17 He asked them, “What are you discussing so intently as you walk along?”

They stopped short, sadness written across their faces. 18 Then one of them, Cleopas, replied, “You must be the only person in Jerusalem who hasn’t heard about all the things that have happened there the last few days.”

19 “What things?” Jesus asked.

“The things that happened to Jesus, the man from Nazareth,” they said. “He was a prophet who did powerful miracles, and he was a mighty teacher in the eyes of God and all the people. 20 But our leading priests and other religious leaders handed him over to be condemned to death, and they crucified him. 21 We had hoped he was the Messiah who had come to rescue Israel. This all happened three days ago.

22 “Then some women from our group of his followers were at his tomb early this morning, and they came back with an amazing report. 23 They said his body was missing, and they had seen angels who told them Jesus is alive! 24 Some of our men ran out to see, and sure enough, his body was gone, just as the women had said.”

25 Then Jesus said to them, “You foolish people! You find it so hard to believe all that the prophets wrote in the Scriptures. 26 Wasn’t it clearly predicted that the Messiah would have to suffer all these things before entering his glory?” 27 Then Jesus took them through the writings of Moses and all the prophets, explaining from all the Scriptures the things concerning himself.

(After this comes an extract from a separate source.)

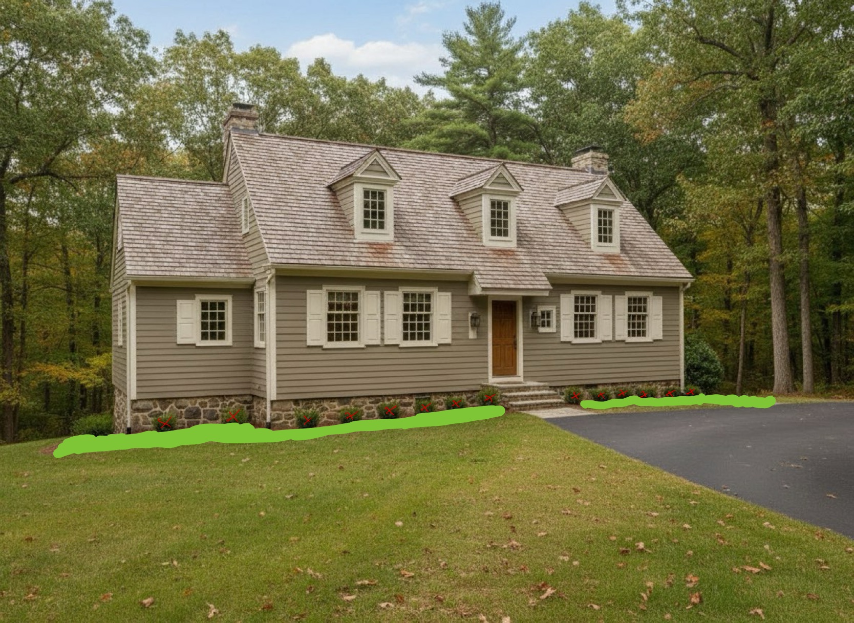 everything in this picture needs to stay the same except the solid green turns into lawn and the bushes that have a red x need to be deleted

28 By this time they were nearing Emmaus and the end of their journey. Jesus acted as if he were going on, 29 but they begged him, “Stay the night with us, since it is getting late.” So he went home with them. 30 As they sat down to eat, he took the bread and blessed it. Then he broke it and gave it to them. 31 Suddenly, their eyes were opened, and they recognized him. And at that moment he disappeared!

32 They said to each other, “Didn’t our hearts burn within us as he talked with us on the road and explained the Scriptures to us?” 33 And within the hour they were on their way back to Jerusalem. There they found the eleven disciples and the others who had gathered with them, 34 who said, “The Lord has really risen! He appeared to Peter.”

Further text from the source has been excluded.